*** Begin section ***
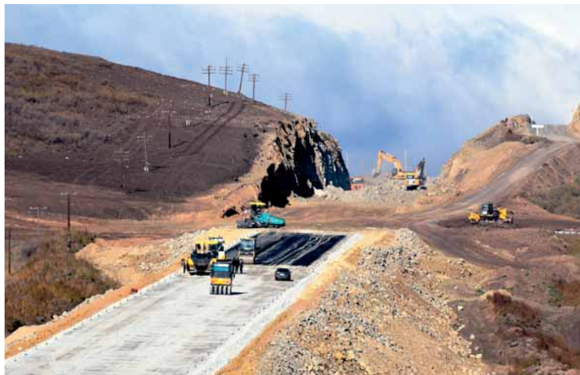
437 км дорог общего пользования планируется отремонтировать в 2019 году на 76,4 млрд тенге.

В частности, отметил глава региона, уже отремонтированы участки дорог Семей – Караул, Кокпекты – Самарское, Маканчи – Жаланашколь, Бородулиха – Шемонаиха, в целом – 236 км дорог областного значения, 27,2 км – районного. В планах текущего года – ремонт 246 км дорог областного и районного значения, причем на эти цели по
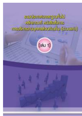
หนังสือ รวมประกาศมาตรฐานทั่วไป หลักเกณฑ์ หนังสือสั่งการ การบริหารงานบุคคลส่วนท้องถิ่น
*** End section ***
Top to bottom, retype the listing exactly but drop every picture.

437 км дорог общего пользования планируется отремонтировать в 2019 году на 76,4 млрд тенге.

В частности, отметил глава региона, уже отремонтированы участки дорог Семей – Караул, Кокпекты – Самарское, Маканчи – Жаланашколь, Бородулиха – Шемонаиха, в целом – 236 км дорог областного значения, 27,2 км – районного. В планах текущего года – ремонт 246 км дорог областного и районного значения, причем на эти цели по
หนังสือ รวมประกาศมาตรฐานทั่วไป หลักเกณฑ์ หนังสือสั่งการ การบริหารงานบุคคลส่วนท้องถิ่น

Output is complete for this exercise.